Teilweise Aufhebung der Eier-Rückrufaktion Autor: A.Kockartz/Belga

Sa 12/08/2017 - 10:03 Update: Sa 12/08/2017 - 12:29 A.Kockartz/Belga Die belgische Bundesagentur für Lebensmittelsicherheit, FAVV, gibt Entwarnung für neun der 10 von einer Rückrufaktion betroffenen Eierchargen aus. Bei diesen Lieferungen konnte kein Insektenvernichtungsmittel Fipronil nachgewiesen werden. Nach Angaben der Behörden sind diese Chargen unbedenklich und für den Verzehr freigegeben. Inzwischen werden auch Legehennen auf Fipronil untersucht, teilt die FAVV mit.

Die Bundesagentur für Lebensmittelsicherheit (FAVV) hebt die Rückrufaktion von vermeintlich mit Fipronil belasteten Eiern teilweise auf. Analysen ergaben, dass der größte Teil dieser Eier keine erhöhten Fipronil-Werte aufweisen, so die FAVV. Damit wird die Rückrufaktion für neun von 10 Chargen beendet.

Die als unbedenklich erklärten Eierliegerungen tragen die folgenden Chargennummern: 2BE3084-02, 2BE3084-03, 2BE3084-06, 2BE3123-A, 2BE3123-B, 2BE3123-C, 3BE4004, 3BE4005, 1BE8016. Die Rückrufaktion gilt weiter für die Eier mit der Chargennummer 3BE3114. Weiter erreichbar ist die Infonummer zu Fragen zum Fipronil-/Eierskandal. Das ist die belgische Gtratisnummer 0800 13 550.

Laut FAVV wurden die eigenen Analysen noch einmal von unabhängigen Experten betätigt. Die Eier wurden mehrmals analysiert und die Resultate dieser Untersuchungen waren in allen Fällen gleich. Für drei der von den Behörden blockierten Eierhöfe bedeutet dies, dass sie ihre Produktion wieder aufnehmen können. 47 andere Betriebe bleiben hingegen weiter geschlossen und müssen die Eier ihrer Legehennen vorerst noch vernichten.

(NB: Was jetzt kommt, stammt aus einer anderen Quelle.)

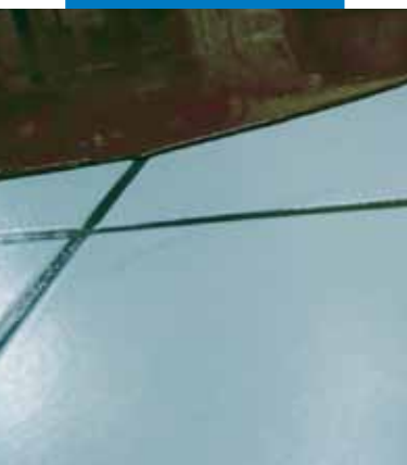
Particolare dell'applicazione di Ultraplan su pavimento in ceramica esistente previa applicazione di Mapeprim SP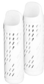
AEL08 Soft Water Activator Enthält 2 Soft Water Activator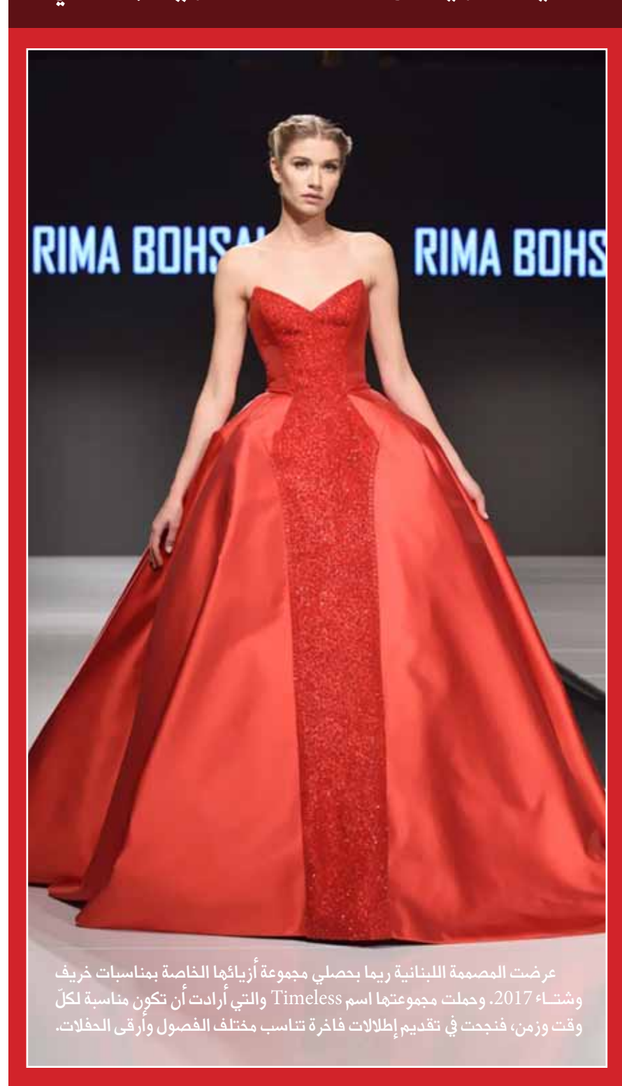
عرضت المصممة اللبنانية ريماء بحصلي مجموعة أزيائها الخاصة بمناسبة خريف وشتاء 2017. وحملت مجموعتها اسم Timeless والتي أرادت أن تكون مناسبة لكل وقت وزمن، فنجمت في تقديم إطلالات فاخرة تناسب مختلف الفصول وأرقى الحفلات.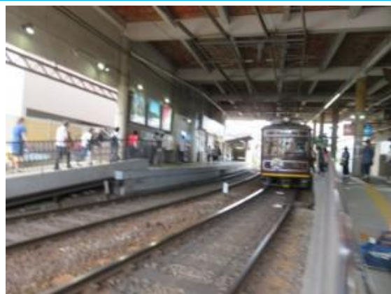
No61. 帷子ノ辻駅 (かたびら) 20220625 (土) 10:46 & 13:26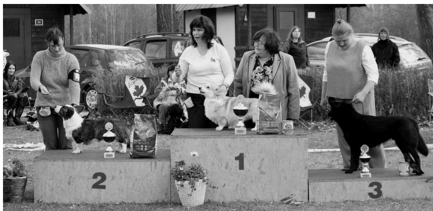
BIG FCI I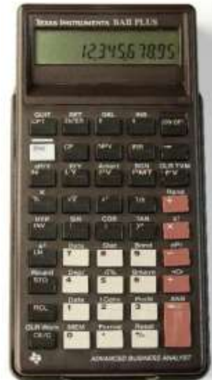
TI BA II Plus (Analista de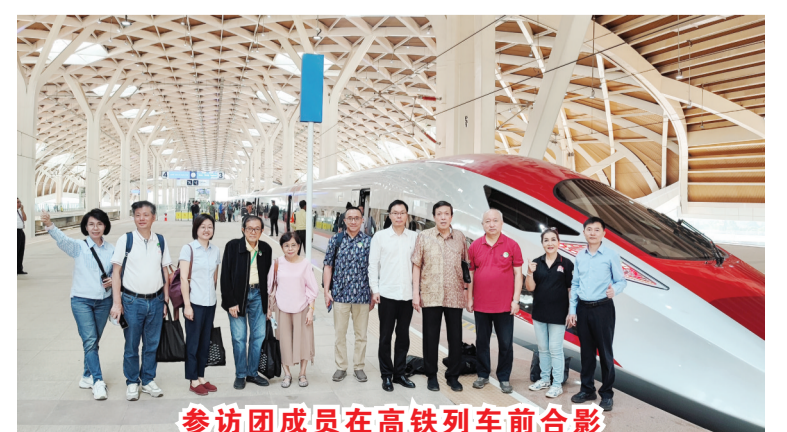
参访团成员在高铁列车前合影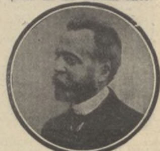
El ministro de la Gobernación Sr. Sánchez Guerra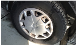
Jant kapağı seti > Hasarlı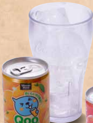
オレンジジュース

みかん/ぶどう/マスカット Purun Purun Qoo Jelly(Tangerine)/Jelly(Grape)/Jelly(Masta) 橘子味果冻/葡萄味果冻/白葡萄味果冻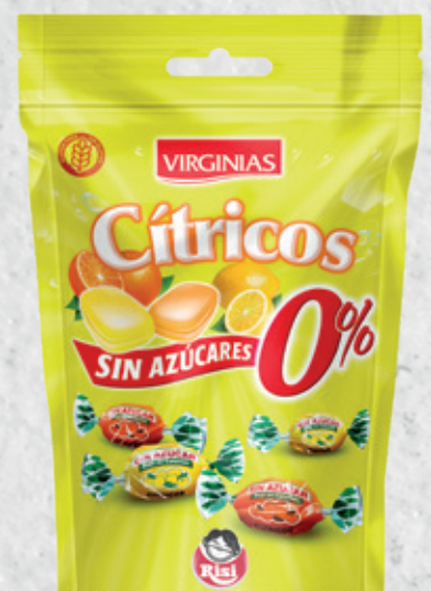
Cítricos Sin Azúcares 0% 70 g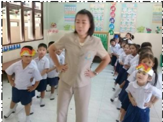
สนุกสนานมี ความสุขกับ เสียงเพลง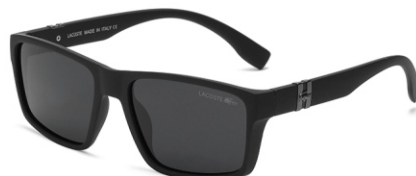
弹黑框 黑灰片 Bullet black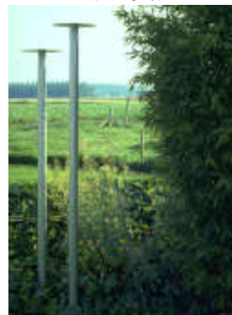
▲ G5. xl3oe & xx3oe + anchor (alum) ▲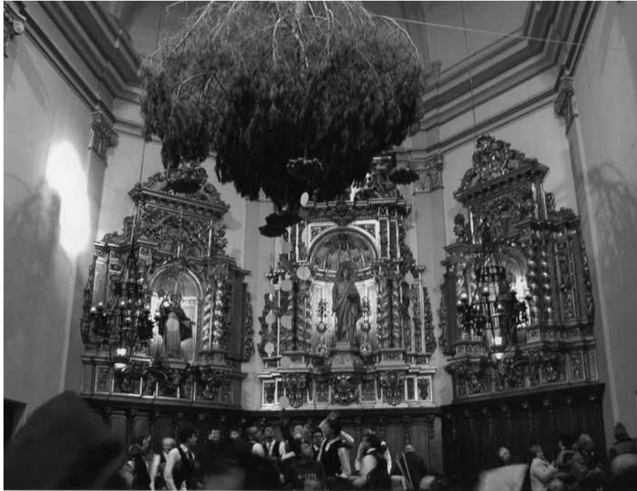
El pi penjat damunt l'altar, romandrà a l'església parroquial de Centelles fins el dia de Reis. Dècada de 1990.

pasajeros echan, cuya llave tendrá el rector; que las demás limosnas que se recogieren las haya de entregar el hermitaño al rector, y éste las empleará en ornamentos y adorno a la capilla; que las caridades de misas que recogiere el hermitaño o qualquier otro se entreguen al rector y éste las haga celebrar, notando el cargo y descargo de estas misas en un libro que formará de administración de dicha capilla de San Antonio, en cuyo libro notará también el inventario de ornamentos y pondrá las cuentas de las limosnas que se recogen y del empleo de ellas.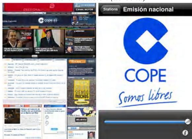
Figura 11: Sitio web de COPE (izquierda) e aplicación iPhone de la misma estación (derecha)

La escasa presencia de la hipertextualidad y la opción por una multimedialidad por yuxtaposición podrá explicarse por la pequeña dimensión de la pantalla de un smartphone que dificulta la navegación digital entre enlaces y la integración de vídeos en el texto de la noticia.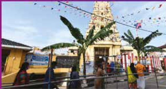
SAMBUTAN THAIPUSAM ZON TAMAN ABAD DI KUIL ARULMIGU THANDAYUTHAPANI JALAN KUIL, WADI HANA 18 JANUARI 2022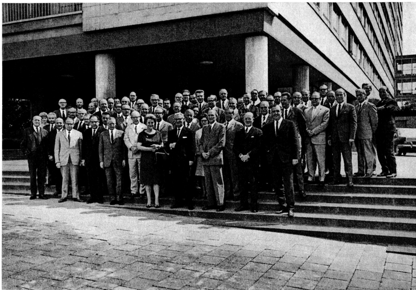
Teilnehmer der 14. Tagung des Statistischen Beirats am 24. und 25. Mai 1966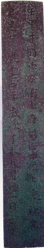
国宝・文祿麻呂墓誌 (東京国立博物館所蔵)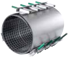
Kolay Tamir Kelepçesi Easy Repair Clamp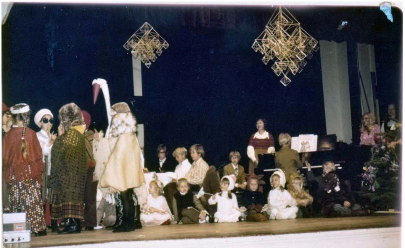
Ziemsvētku sarīkojumā viss gluži tāpat kā mūsdienās!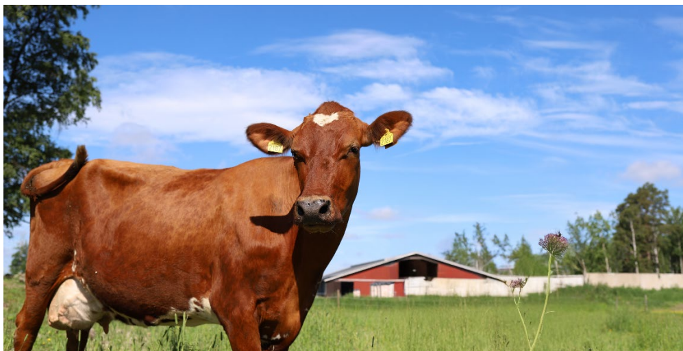
Figur 1. Ko på grönbete.

Programmet lyfter fram vikten av likvärdig service, fungerande infrastruktur och digital uppkoppling, samtidigt som kultur, fritid och föreningsliv är viktiga drivkrafter för gemenskap och attraktivitet. Det sträcker sig till 2035 och ska bidra till regionala och nationella mål för hållbarhet, livsmedelsförsörjning och krisberedskap. Som ett handlingsinriktat verktyg stärker det landsbygdens roll i hela kommunens utveckling och säkerställer att resurser används långsiktigt och hållbart.

Fleisch von Legehennen auf Fipronil geprüft

Inzwischen kontrolliert die Agentur für Lebensmittelsicherheit auch, ob das Fleisch von Legehennen in Ställen und Batterien mit dem verbotenen Insektenmittel Fipronil verseucht ist. Nach einer Meldung der flämischen Tageszeitung De Standaard liegt dies auf der Hand, da Legehennen nach einer gewissen Zeit geschlachtet werden und in anderen Lebensmitteln, wie z.B. Hühnersuppe weiterverarbeitet werden.

Laut FAVV werden konkret Hühner überprüft, die auf ihre Schlachtung warten. Man wolle sicher sein, dass diese Hennen Fipronil-frei sind, bevor sie geschlachtet werden bzw. bevor ihr Fleisch weiter in die Lebensmittelkette kommt.

Brathähnchen und Geflügel, dass zu Filet oder zu Schnitzel verarbeitet wird, ist nach Angaben der Lebensmittelschützer nicht von dem Problem betroffen, denn diese Tiere würden geschlachtet, bevor sie von Blutläusen befallen werden können. Dementsprechend würden deren Stallungen auch nicht mit eventuell Fipronil-verseuchten Reinigungsmitteln geputzt.